Eike Rathke erack at redhat.com
Thu Apr 18 10:25:11 UTC 2019


On Wednesday, 2019-04-17 22:11:58 +0100, Richard Wordingham wrote:

> Is there a pointer as to which tag sequences that "strictly follow the
> BCP 47 language tag specification" are "correct"?

"strictly" here means, do not invent stuff, specifically not anything
that is not covered by the syntax defined, e.g. es-ES_tradnl is not
a valid language tag; do not invent language codes, tags or subtags, do
not use unassigned language codes.
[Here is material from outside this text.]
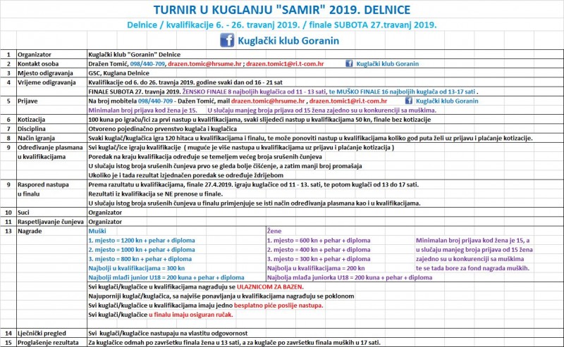 KALENDAR NATJECANJA
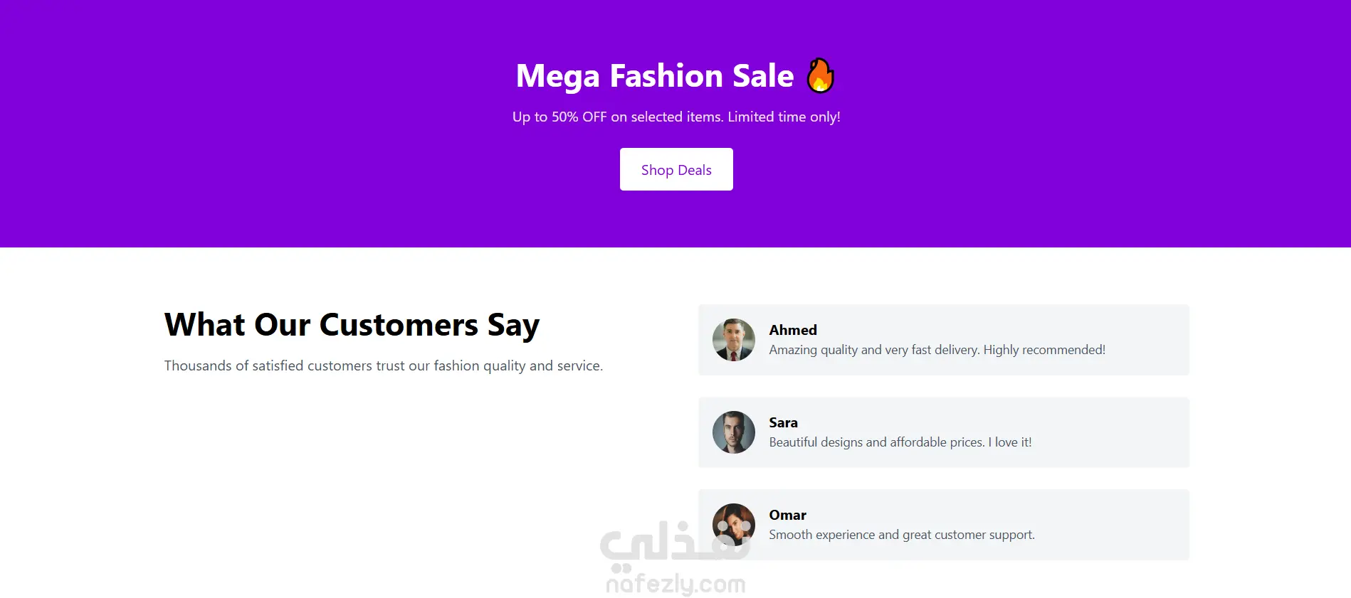 متجر الملابس هذا مصمم بعناية ليوفر تجربة تسوق سلسة وجذابة للمستخدمين. واجهة المتجر أنيقة وعصرية، مع ترتيب واضح للفئات مثل الملابس الرجالية، النسائية، وملابس الأطفال. استخدمنا Tailwind CSS لتصميم واجهة سريعة الاستجابة، مع ألوان متناسقة وعناصر جذابة تضمن تجربة مستخدم ممتعة على جميع الأجهزة. يحتوي المتجر على سلايدر للمنتجات المميزة، أقسام واضحة لكل فئة، وأزرار دعوة لاتخاذ الإجراء (CTA) لتسهيل عملية الشراء.

Be aware that an "x-..." private use
tag indeed *does* mean private and thus should not be stored in
documents that reach the wild.

"correct" here also means, furthermore than being strict it should make
sense.. e.g. assigning a ...-Latn tag to the CTL category does not make
sense, a language-script combination that does not exist also doesn't
make sense.

> As far as I can tell, the following all strictly follow the
> specification:


> "sa-IN" Sanskrit as used in India - so far as I can tell, that could be
> in, for example, Devanagari, Grantha or even the Tamil script!  For
> Devanagari at least, I understand that this implies that homorganic
> nasals may be written using U+0902 DEVANAGARI SIGN ANUSVARA.

If in doubt, ask Microsoft if the in isolang.cxx assigned LCID isn't
LANGUAGE_USER_..., here it is LANGUAGE_SANSKRIT 0x044F. Most of these
even predate the existance of BCP 47 when only combinations of language
code and country code were used (also due to the Java Locale

What I usually did is, lookup the language at SIL and the Ethnologue and
use the most prevalent script as implied default script. Which here
https://www.ethnologue.com/language/san would lead to Devanagari, but in
this case more important is also what MS assigned the LCID for.
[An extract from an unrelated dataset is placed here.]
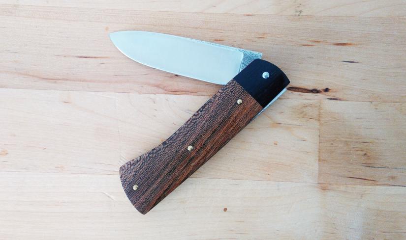• Le savoir-faire Reflet de lame : je fabrique mes ressorts pour qu’ils soient souples et agréables lors de l’ouverture de la lame, tout en veillant à une tenue ferme de son blocage : un couteau sécurisé pour lequel on ne s’arrache pas les doigts, ni à l’ouverture, ni à la fermeture 🙂

> "sa-150" Sanskrit written using European conventions - so, any script,
> but, at least for Devanagari, the anusvara sign is not used for
> homorganic nasals.

Though valid, LibreOffice doesn't use the numeric UN M.49 code, it may
be accepted but might not work everywhere.

> "sa-Deva-150" Sanskrit written in Devanagari in the manner used in
> Europe.

Same here.

> "sa-Latn" Sanskrit written in the Roman script.
> "sa-Latf" Sanskrit written in Fraktur (I'm not sure that this exists.
> It might need a hint as to where to find a Fraktur script with a
> combining candrabindu.)

Both perfectly valid, if they serve any purpose. Though with sa-Latn
I doubt there's a use case, so I wouldn't call that "correct" in common

I also just learned that sa-Latf somehow exists..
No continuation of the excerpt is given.